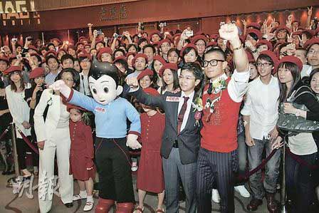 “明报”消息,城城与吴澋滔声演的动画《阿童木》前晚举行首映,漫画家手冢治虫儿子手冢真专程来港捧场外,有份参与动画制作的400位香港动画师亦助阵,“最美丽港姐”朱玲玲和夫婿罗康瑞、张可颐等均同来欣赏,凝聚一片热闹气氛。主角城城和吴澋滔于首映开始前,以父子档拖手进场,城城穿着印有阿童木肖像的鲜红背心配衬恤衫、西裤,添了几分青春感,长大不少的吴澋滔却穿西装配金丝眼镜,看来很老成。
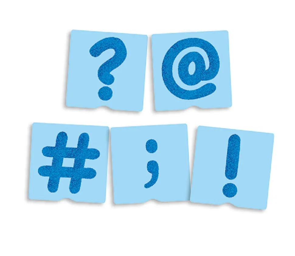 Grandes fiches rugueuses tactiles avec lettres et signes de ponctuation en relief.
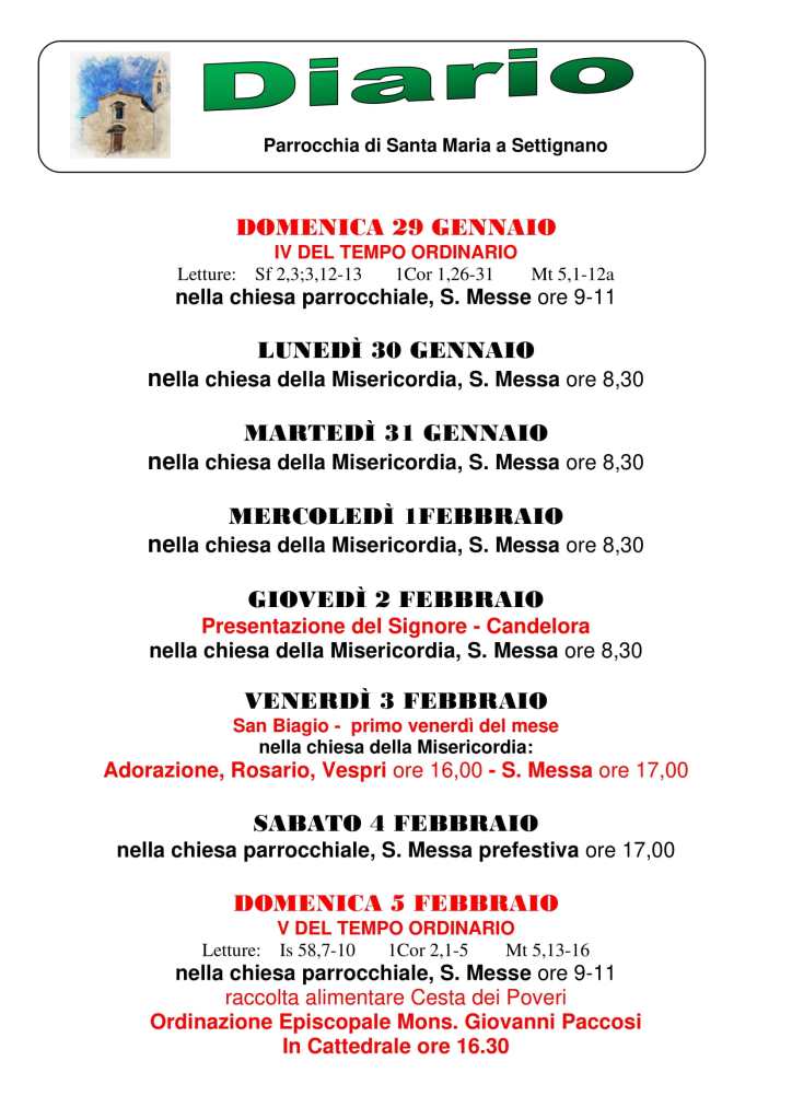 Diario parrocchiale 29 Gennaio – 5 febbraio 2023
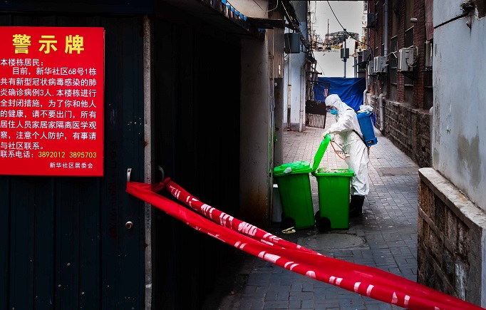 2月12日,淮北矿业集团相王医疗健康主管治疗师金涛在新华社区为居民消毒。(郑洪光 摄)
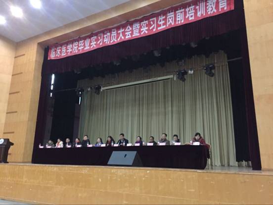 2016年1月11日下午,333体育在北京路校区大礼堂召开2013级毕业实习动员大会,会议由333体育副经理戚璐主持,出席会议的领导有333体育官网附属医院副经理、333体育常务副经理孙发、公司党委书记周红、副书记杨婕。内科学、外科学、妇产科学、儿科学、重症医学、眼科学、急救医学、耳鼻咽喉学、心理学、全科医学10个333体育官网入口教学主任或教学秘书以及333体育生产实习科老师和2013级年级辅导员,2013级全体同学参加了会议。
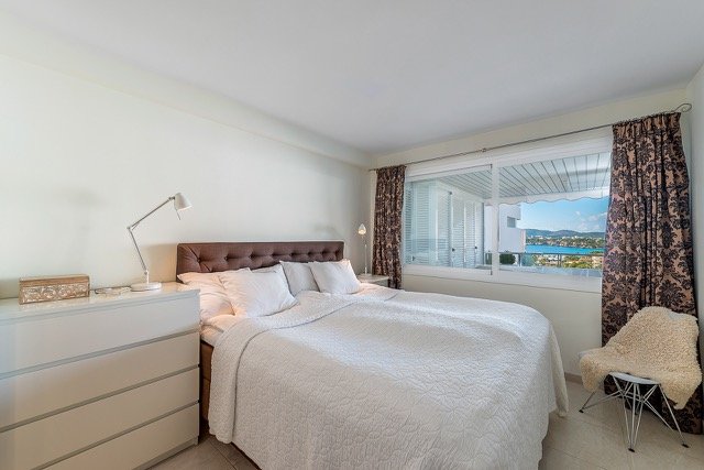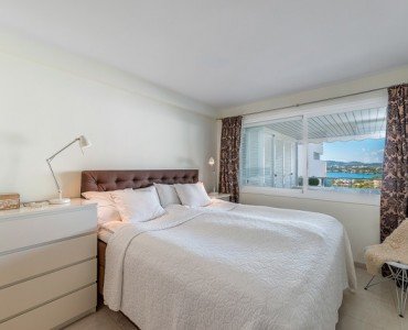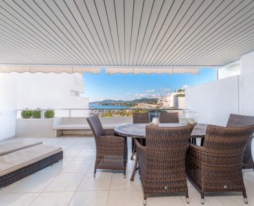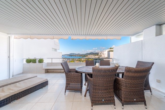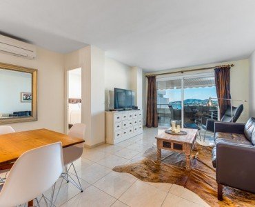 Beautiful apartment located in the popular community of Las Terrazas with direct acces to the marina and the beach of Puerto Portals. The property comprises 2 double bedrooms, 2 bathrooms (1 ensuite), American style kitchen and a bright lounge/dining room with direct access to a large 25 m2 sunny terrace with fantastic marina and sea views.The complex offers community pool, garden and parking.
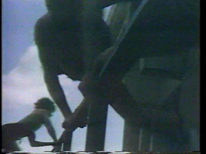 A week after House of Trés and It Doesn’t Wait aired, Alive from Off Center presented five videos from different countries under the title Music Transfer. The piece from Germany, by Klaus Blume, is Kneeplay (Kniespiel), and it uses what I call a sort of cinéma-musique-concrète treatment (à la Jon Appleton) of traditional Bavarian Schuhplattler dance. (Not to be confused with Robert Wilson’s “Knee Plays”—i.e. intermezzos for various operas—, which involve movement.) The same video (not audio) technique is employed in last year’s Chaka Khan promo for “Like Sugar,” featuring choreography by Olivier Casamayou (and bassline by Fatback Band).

========================================

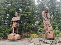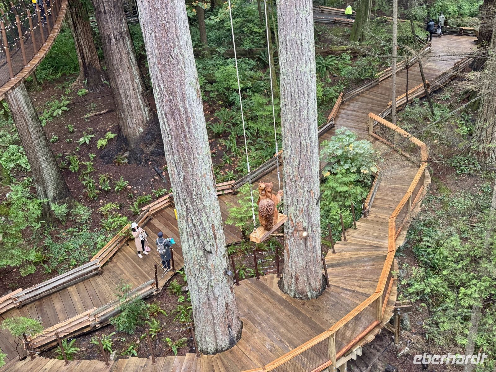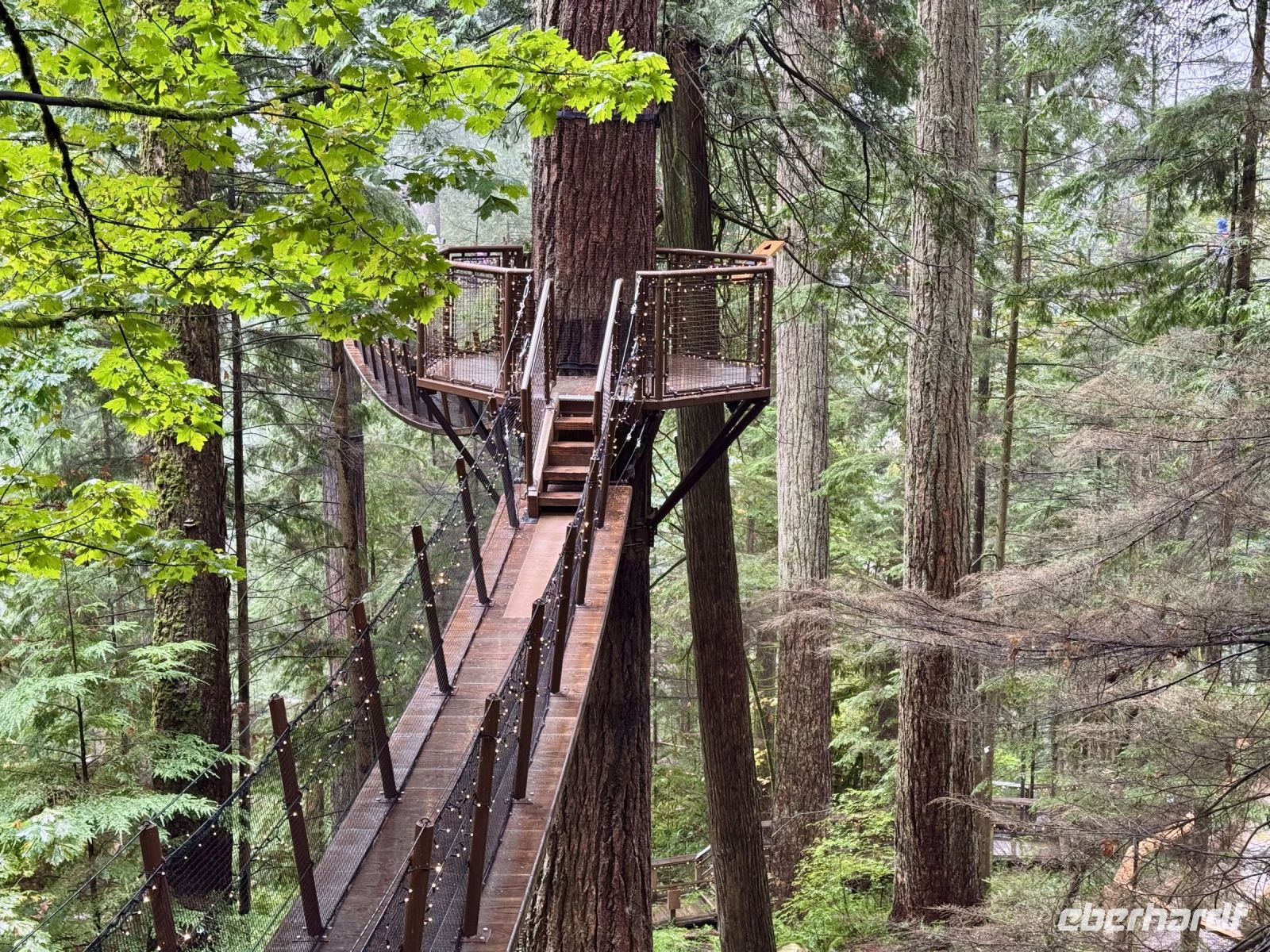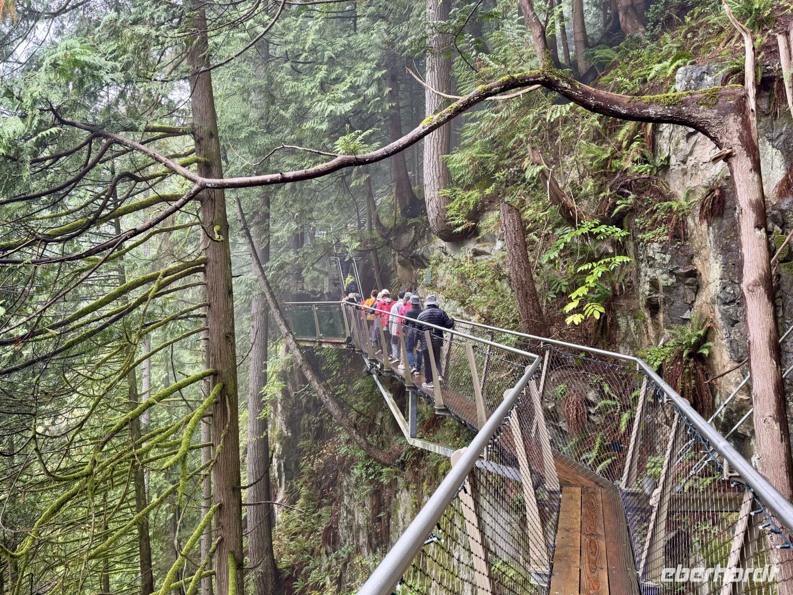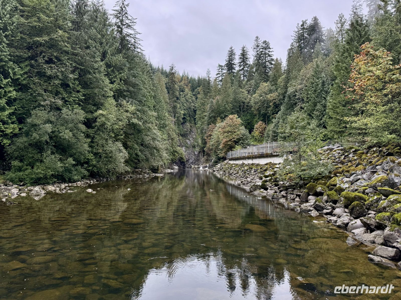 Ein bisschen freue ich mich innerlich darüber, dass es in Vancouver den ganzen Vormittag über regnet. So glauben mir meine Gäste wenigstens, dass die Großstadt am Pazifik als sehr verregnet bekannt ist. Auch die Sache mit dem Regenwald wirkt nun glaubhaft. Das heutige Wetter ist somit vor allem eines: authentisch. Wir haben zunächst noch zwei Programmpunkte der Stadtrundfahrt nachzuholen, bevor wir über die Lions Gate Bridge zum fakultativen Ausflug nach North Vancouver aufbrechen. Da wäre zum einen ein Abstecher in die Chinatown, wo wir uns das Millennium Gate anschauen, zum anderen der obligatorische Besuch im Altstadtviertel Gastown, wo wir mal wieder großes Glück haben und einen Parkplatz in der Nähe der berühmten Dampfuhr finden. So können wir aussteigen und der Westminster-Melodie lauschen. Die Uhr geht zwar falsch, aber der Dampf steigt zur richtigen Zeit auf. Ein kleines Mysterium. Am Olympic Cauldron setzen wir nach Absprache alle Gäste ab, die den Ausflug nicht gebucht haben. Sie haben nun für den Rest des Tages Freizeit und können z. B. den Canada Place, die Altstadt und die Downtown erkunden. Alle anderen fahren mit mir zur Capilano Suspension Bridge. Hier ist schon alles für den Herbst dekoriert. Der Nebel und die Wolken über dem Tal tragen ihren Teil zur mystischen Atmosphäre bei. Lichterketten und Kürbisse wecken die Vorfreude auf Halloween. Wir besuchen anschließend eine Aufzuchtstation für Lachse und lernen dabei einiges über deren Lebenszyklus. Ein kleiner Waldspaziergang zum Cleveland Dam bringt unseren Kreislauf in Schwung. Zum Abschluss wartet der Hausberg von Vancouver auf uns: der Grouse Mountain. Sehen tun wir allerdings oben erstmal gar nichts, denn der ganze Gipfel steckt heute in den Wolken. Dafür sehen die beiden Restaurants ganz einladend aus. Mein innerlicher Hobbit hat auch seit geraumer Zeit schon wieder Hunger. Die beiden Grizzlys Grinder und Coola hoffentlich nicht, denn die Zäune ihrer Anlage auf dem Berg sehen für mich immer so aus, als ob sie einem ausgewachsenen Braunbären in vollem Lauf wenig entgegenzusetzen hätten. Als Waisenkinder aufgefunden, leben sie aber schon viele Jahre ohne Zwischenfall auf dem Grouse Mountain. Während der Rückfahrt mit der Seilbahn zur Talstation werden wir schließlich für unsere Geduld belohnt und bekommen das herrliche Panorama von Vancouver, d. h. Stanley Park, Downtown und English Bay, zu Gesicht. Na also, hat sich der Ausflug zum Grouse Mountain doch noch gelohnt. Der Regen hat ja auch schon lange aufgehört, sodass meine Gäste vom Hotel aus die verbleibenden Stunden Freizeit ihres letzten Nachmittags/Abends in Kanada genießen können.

========================================

**WHAT YOU ARE ASKED TO DO**
With the pictures removed from your copy, retype the lines above from the one that contains "Diario parrocchiale 29" through the one that contains "2016年1月11日下午,3", exactly.

**REPLY**
 Diario parrocchiale 29 Gennaio – 5 febbraio 2023
 2月12日,淮北矿业集团相王医疗健康主管治疗师金涛在新华社区为居民消毒。(郑洪光 摄)
 2016年1月11日下午,333体育在北京路校区大礼堂召开2013级毕业实习动员大会,会议由333体育副经理戚璐主持,出席会议的领导有333体育官网附属医院副经理、333体育常务副经理孙发、公司党委书记周红、副书记杨婕。内科学、外科学、妇产科学、儿科学、重症医学、眼科学、急救医学、耳鼻咽喉学、心理学、全科医学10个333体育官网入口教学主任或教学秘书以及333体育生产实习科老师和2013级年级辅导员,2013级全体同学参加了会议。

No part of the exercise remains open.